--- TASK INPUTS Enclosed Below ---

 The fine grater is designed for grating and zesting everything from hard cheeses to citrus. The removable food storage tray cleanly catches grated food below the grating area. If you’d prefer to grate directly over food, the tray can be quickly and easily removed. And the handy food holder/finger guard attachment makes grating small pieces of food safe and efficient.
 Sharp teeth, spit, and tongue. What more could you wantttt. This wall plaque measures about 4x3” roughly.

--- End of Enclosed TASK INPUTS ---
--- TASK INPUTS Enclosed Below ---

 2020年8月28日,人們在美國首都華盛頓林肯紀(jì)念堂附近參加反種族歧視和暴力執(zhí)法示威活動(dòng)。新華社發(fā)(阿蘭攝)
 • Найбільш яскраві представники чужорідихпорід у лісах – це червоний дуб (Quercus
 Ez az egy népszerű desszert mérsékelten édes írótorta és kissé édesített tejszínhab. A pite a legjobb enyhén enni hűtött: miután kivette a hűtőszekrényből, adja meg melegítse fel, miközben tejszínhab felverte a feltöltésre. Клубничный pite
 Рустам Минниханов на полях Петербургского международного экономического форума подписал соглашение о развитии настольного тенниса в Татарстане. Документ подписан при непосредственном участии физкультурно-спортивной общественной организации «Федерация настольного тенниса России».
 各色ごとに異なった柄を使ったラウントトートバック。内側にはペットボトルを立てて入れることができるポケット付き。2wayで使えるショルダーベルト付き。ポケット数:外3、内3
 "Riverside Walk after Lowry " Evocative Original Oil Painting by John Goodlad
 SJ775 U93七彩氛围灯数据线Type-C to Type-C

--- End of Enclosed TASK INPUTS ---

-- ACTIVITY --
Return only the lines between the one holding "The fine grater" and the one holding "Sharp teeth, spit, and", inclusive, exactly as they appear above.

-- WRITTEN SOLUTION --
 The fine grater is designed for grating and zesting everything from hard cheeses to citrus. The removable food storage tray cleanly catches grated food below the grating area. If you’d prefer to grate directly over food, the tray can be quickly and easily removed. And the handy food holder/finger guard attachment makes grating small pieces of food safe and efficient.
 Sharp teeth, spit, and tongue. What more could you wantttt. This wall plaque measures about 4x3” roughly.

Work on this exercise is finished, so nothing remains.